Triangles for g-code.
G00 Z1
Rapid move of Z to 1
Rapid of X to zero and Y to zero
M3 M7 F50 Spindle ON clockwise, coolant (or vacuum etc) ON, feed-rate of 50 inches (mm) per minute
All of the above is the standard beginning of a simple run.
The following is the Offset g-code
G52 Z -0.1

Offset Z by negative 1/10 inch
The axis will not move but the DRO (Digital Read-Out)
will advance from 
Z of 1. (from Z position moved to above)  to 1.1
 See Note 1 at page bottom.
M98 P1

Call subroutine named "1"   This is the original g-code; it is in this color below
The router cuts the triangle and the controlling software returns to the following line;
the process is repeated.
G52 Z -.2 Offset Z by negative 2/10 inch
M98 P1

Call subroutine named "1"
The router cuts again and repeats the process after each M98 below
G52 Z -.3 Offset Z by negative 3/10 inch
M98 P1 Call subroutine named "1"
G52 Z -.4 Offset Z by negative 4/10 inch
M98 P1 Call subroutine named "1"
G52 Z -.5 Offset Z by negative 5/10 inch
M98 P1 Call subroutine named "1"
G52 Z0 Offset Z by 0 ( that is, clear the offset; set things back to normal ) see Note 2
G00 Z1 Rapid to Z 1
M30 End and rewind
O1 Letter "O" defines the beginning of subroutine"1" is the label or name of the subroutine.
The following is the triangle's g-code that is to be repeated.
G01 Z0   go to Z0
G01  Y3  go to Y3  this is the vertical leg of the triangle
G01 X2 Y0 go to 2,0  this is the diagonal leg of the triangle
G01 X0 Y0 go to 0,0  this is the bottom leg of the triangle

End Subroutine and return to the line following the M98 that called it.
This will repeat until there are no more M98s; the controller will read the remaining code until reaching M30.

Note 1) Though it may seem counter intuitive, when the offset is negative the DRO gains the amount, and when the offset is positive the DRO loses the offset's amount.
It may help to envision the process as tricking the software into thinking that the router is higher (or lower) than it really is.
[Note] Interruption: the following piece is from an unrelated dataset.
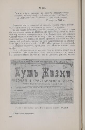 Газета «Путь жизни» по поводу клеветнической заметки, помещенной в «Воронежском телеграфе», на Воронежскую большевистскую организацию. 20 августа 1917 г. // Газета «Путь жизни», № 2, 1 сентября (20 августа) 1917 г., стр. 4.

Note 2) It is important to clear the offsets at the end of a run, otherwise the software will retain the offsets until they are manually cleared. (Which I remember to do just as the mill plows the table bed.)

The following is the g-code described above.
It can be copied and pasted into Notepad and then opened and run with Mach3. Watching it run line by line will add clarity.

G00 Z1
G00 X0 Y0
M3 M7 F50
G52 Z -0.1
M98 P1
G52 Z -.2
M98 P1
G52 Z -.3
M98 P1
G52 Z -.4
M98 P1
G52 Z -.5
M98 P1
G52 Z0
G00 Z1
G01 Z0
G01 Y3
G01 X2 Y0
G01 X0 Y0

Make sure to hit the Enter key after the M99 when the code is pasted into Notepad. Without that keystroke Mach3 will not read the M99 line.